- Born: 1991 (age 33–34) Belém, Brazil
- Occupation: Operatic mezzo-soprano

= Victória Pitts =

Brazilian operatic mezzo-soprano (born 1991)

Ana Victória Pitts (born 1991) is a Brazilian mezzo-soprano who has performed internationally.

== Career ==
Pitts was born in Belém in 1991 and was first trained there. From 2008, she studied at the Conservatório Carlos Gomes. She made her stage debut in Belém in 2010 as Dido in Purcell's Dido and Aeneas. She received a scholarship and continued her studies in Italy from 2011 at the Rovigo conservatoire, where she graduated in 2014. In 2011, Pitts won the Young Promise Award at the International Sacred Music Competition in Rome. In 2014, she made her European debut in the world premiere of Paolo Furlani's The Water Babies at the Teatro Sociale di Rovigo.

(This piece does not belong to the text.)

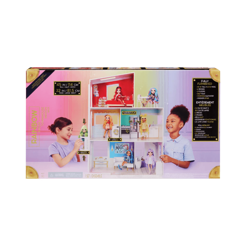 Experience limitless creativity with the Rainbow High Townhouse, a 3-Story Wood Doll House Playset. This fully furnished, colourful modern house is ideal for your Rainbow High fashion dolls to call home and bring their wildest dreams to life. Its sleek design and customisable play space allows for endless storytelling possibilities, as you arrange furniture and accessories in the 6 unique rooms.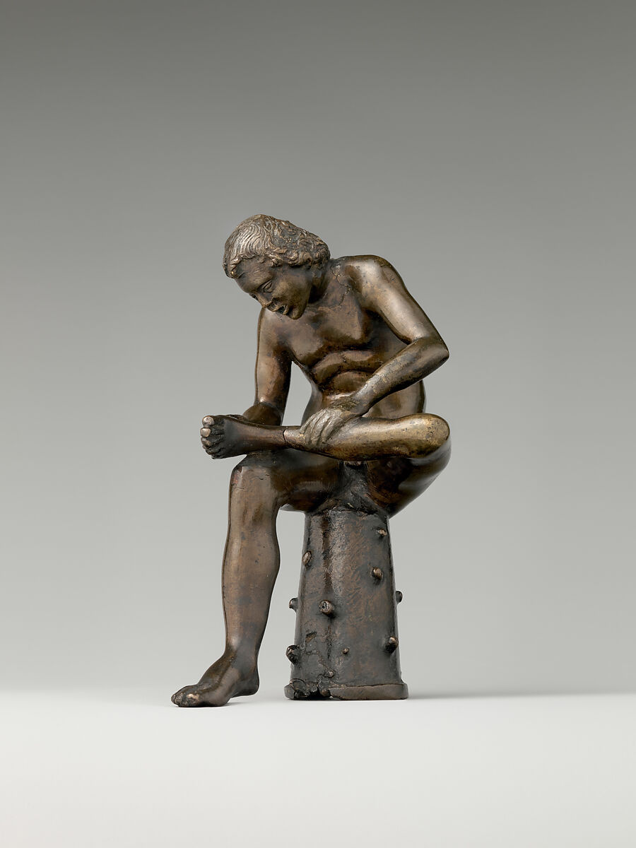 The two sculptures are miniatures of the renowned Spinario now in the Musei Capitolini in Rome, an ancient bronze that depicts a boy pulling a thorn from his left foot (p. 00, fig. 9a). Our bronzes reproduce its overall design while taking numerous liberties with the figure’s anatomy and physiognomy. Of the seven bronze statuettes representing the same subject in The Met’s collection, these two share an indisputable likeness in the rendering of the musculature and the somewhat caricatural appearance of the faces. The bronzes also exhibit a similar treatment of the hair—brushed forward around the forehead and temples, rippling in generous curls above the shoulders—and a common support in the form of a stylized tree stump, which, in its dry naturalism, recalls the rocky base of the antique model. The ancient Spinario was much studied in the medieval and Renaissance eras, when it was on constant public display (see cat. 39).

Pitts was a member of the studio of the Maggio Musicale Fiorentino from 2015 to 2017, where she appeared in Ullmann's Der Kaiser von Atlantis, as Hänsel in Humperdinck's Hänsel und Gretel, Flora in Verdi's La Traviata, and Tisbe in Rossini's La Cenerentola. She performed the alto part in Mozart's Requiem at the Maggio Musicale with the festival choir and the Orchestra della Toscana conducted by Daniele Rustioni. She took part in tours of Oman and Tunisia. She also performed as Isabella in Rossini's L'italiana in Algeri and as Tangia in Gluck's Le cinesi. She recorded the role of Publia in Rossini's Aureliano in Palmira in a live performance from the 2017 Rossini Festival in Wildbad, with Juan Francisco Gatell in the title role. She appeared as Emilia in Verdi's Otello at the Teatro da Paz in Belém, as Marianna in Rossini's Il Signor Bruschino at the Teatro Olimpico in Vicenza, and as Carlotta in Salieri's La scuola de' gelosi at the Teatro Salieri of Legnago.

In 2018, she appeared at the Opera de Lyon for the first time, as Vecchietta and Duchessa in Respighi's La bella dormente nel bosco. In 2022, she portrayed characters in all three parts of Puccini's Il Trittico at the Oper Frankfurt in a 2008 production directed by Claus Guth and conducted by Pier Giorgio Morandi. In Il tabarro, she performed as Frugola, in Suor Angelica as the Duchess, and in Gianni Schicchi as Zita; She appeared alongside Željko Lučić and Elza van den Heever in leading roles. A reviewer from noted that she was a powerful presence in voice and expression ("mit einer starken Präsenz an Stimme und Ausdruck").

== Recordings ==
=== Video ===
- Alfano: Risurrezione. (Dynamic 2020.)
 Anne Sophie Duprels as Katerina Mihaylovna (Katyusha), Matthew Vickers as Prinz Dimitri Ivanovitch Nehlyudov, Leon Kim as Simonson, Francesca Di Sauro as Sofia Ivanovna, Romina Tomasoni as Matryova Pavlovna/Anna, Nadia Pirazzini as Maidservant, Ana Victória Pitts as Vera/Korablyova, Barbara Marcacci as Fenyichka. Orchestra and choir of the Maggio Musicale Fiorentino. Conductor: Francesco Lanzillotta. Staging: Rosetta Cucchi. Video: Davide Mancini. Recorded on the 17th and 21st of January, 2020.